Facebook's "Career Afterlife Score" Tracks Ex-Employee Silence

Former workers' loyalty measured in post-Meta quietude points

Et Al

Tech insiders have uncovered Meta's latest innovation: a sophisticated internal system called the "Career Afterlife Score" that meticulously tracks how obediently silent former employees remain after escaping the Zuckerverse.

The revolutionary scoring system assigns numerical values to former employees based on their post-employment loyalty, with points deducted for each memoir page written, Twitter rant posted, or interview given that doesn't portray the company as a utopian dreamland.

"We've created a Career Afterlife Dashboard where Mark personally reviews former employees' silence metrics during his morning meditation," explained an anonymous source who insisted on being identified only as "Definitely Not Mark."

Former employees with low scores reportedly receive escalating responses ranging from "strongly worded letters" to "surprise arbitration" to dispatched "Loyalty Maintenance Drones" that hover outside book signings with cameras disguised as Meta Ray-Ban smart glasses.

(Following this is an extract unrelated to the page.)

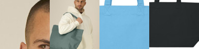 100% Recycled cotton canvas (open end). Midweight tote bag. Folded hem at top edge. Bottom and side soufflé. Long self-fabric handles with cross-stitch for reinforcement. Inside self-fabric pocket. Single-needle stitch at top edge.
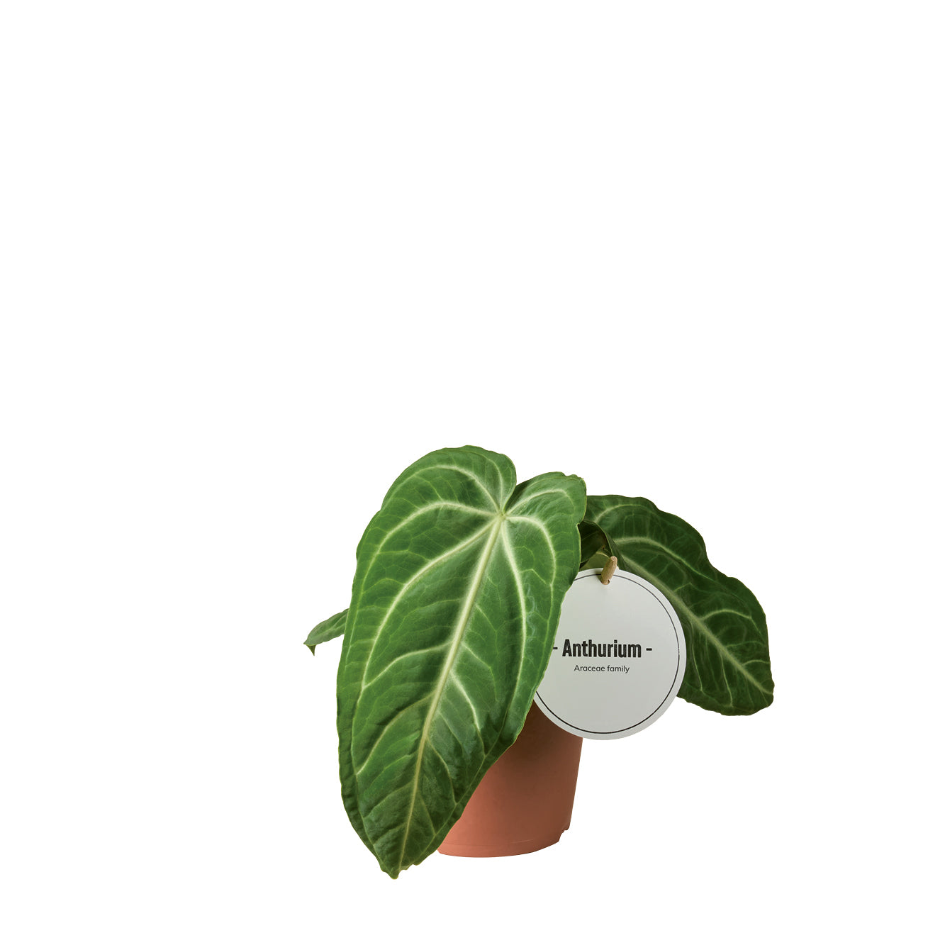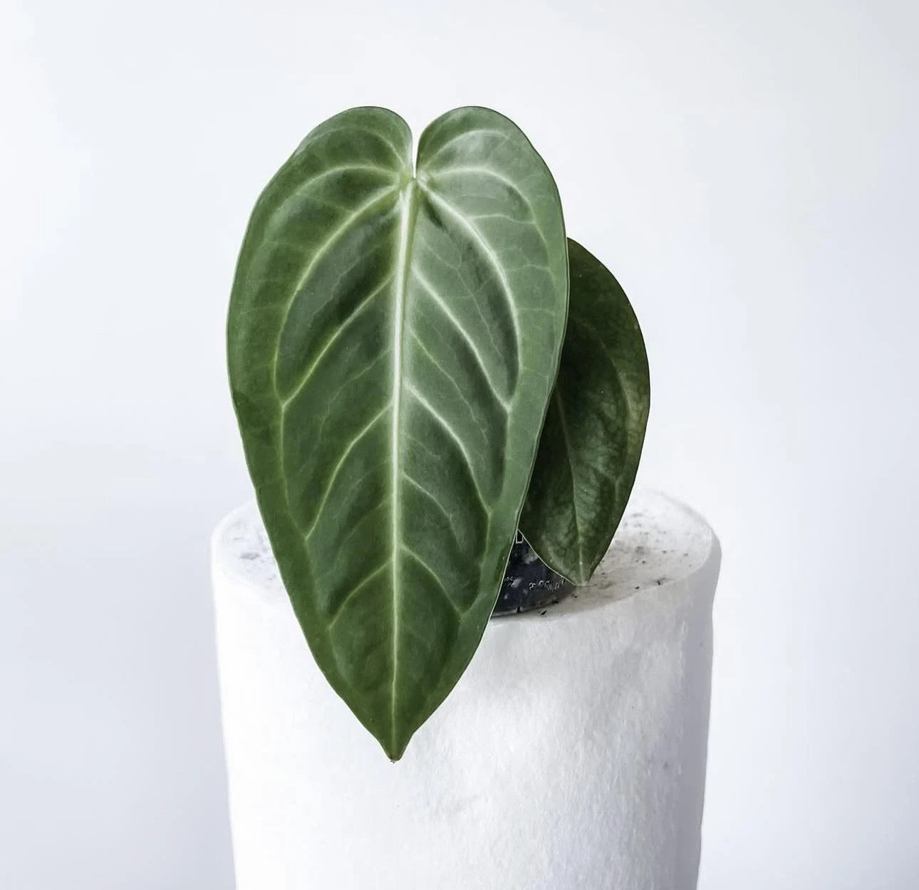 Anthurium villenaorum is a striking aroid known for its velvety, silvery, deeply veined leaves.

The system includes a "Silence Tier" hierarchy where Platinum-level former employees receive Meta stock options for each year they remain completely mute about their experiences. Those experiencing "harmful truth-telling urges" are offered complementary "Narrative Correction Therapy" sessions.

During exit processing, departing staff reportedly undergo "Preemptive Memory Adjustment" sessions conducted by Meta's "Department of Historical Revision," which rewrites employee exit interviews to include phrases like "I have nothing but positive things to say forever."

Meta's "Truth Containment Protocols" automatically activate when former employees approach publishers or journalists, reportedly scanning brain activity through leftover Meta Portal devices in their homes.

Most disturbing, insiders claim Meta's secretive "Whistleblower Prediction Algorithm" identifies potential memoir-writers before they even know they'll write one, flagging employees who download too many note-taking apps or search "how to structure a compelling narrative."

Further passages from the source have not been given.